Starting today, the biggest surprise of this year's Cannes film festival will be stirring up talk in theaters. David Lynch, known for ultraviolent movies like "Blue Velvet" and surreal TV fare like "Twin Peaks," has found still another way to give audiences a jolt of astonishment: He's made a G-rated picture for the Walt Disney Company, spinning a tale so kind and gentle that it makes his previous career seem like a brilliantly filmed nightmare from which he's finally awakened.

In short, "The Straight Story" is a major turnaround from a filmmaker who has earned international acclaim as a chronicler of dark, disturbing dreams. But has this hugely original artist really changed course as abruptly as it appears? Or has he simply found a new vocabulary to express his longtime taste for extremes - directing a picture that's radically sweet, daringly goodhearted, humane, and compassionate to the point of extravagance?

Based on real events, "The Straight Story" centers on an ornery old man named Alvin Straight, played by Richard Farnsworth in a performance that should loom very large when Oscar time rolls around. Alvin lives with his daughter in rural Iowa, where their uneventful routine is interrupted by news that his brother, Lyle, has become ill.

The brothers haven't spoken since a quarrel 10 years earlier, and Alvin feels a flood of regret when he hears of Lyle's misfortune. His first impulse is to pay Lyle an overdue visit. While Alvin is no longer able to drive a car, he wants to make the trip on his own.

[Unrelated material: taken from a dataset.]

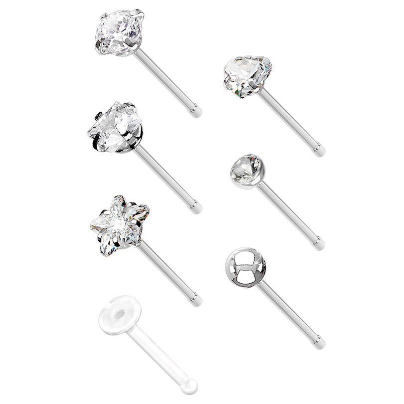 Ar šo komplektu, jūrs varēsiet mainīt deguna pīrsingus, cik bieži jūs to vēlēsieties. Ja jūs vēlaties mainīt to katru dienu, šis komplekts ir domāts tieši jums. Visas nagliņas ir izgatavotas no ķirurģiskā tērauda, izņemot reteineri. Visas ir satndarta izmēros: izmērs 20 (0.8 mm) un to garums ir 1/4 collas (6 mm).

The solution: Hitching a supply wagon to the tractor of his rider- style lawnmower, he sets off for his brother's Wisconsin home at a speed so slow that the 300-mile-plus journey will take several weeks of solitary travel - if the aging engine manages to get him there at all.

The speed of Alvin's lawnmower sets the tone for the movie. In some ways, this is the flip side of Lynch's last picture, "Lost Highway," which was as fast and hallucinatory as "The Straight Story" is slow and lucid. Don't think the movie lacks humor or drama, though. Alvin's gradual voyage brings him into temporary contact with all sorts of people, most of them amazed at the audacity of his journey yet eager to help him reach the finish line. …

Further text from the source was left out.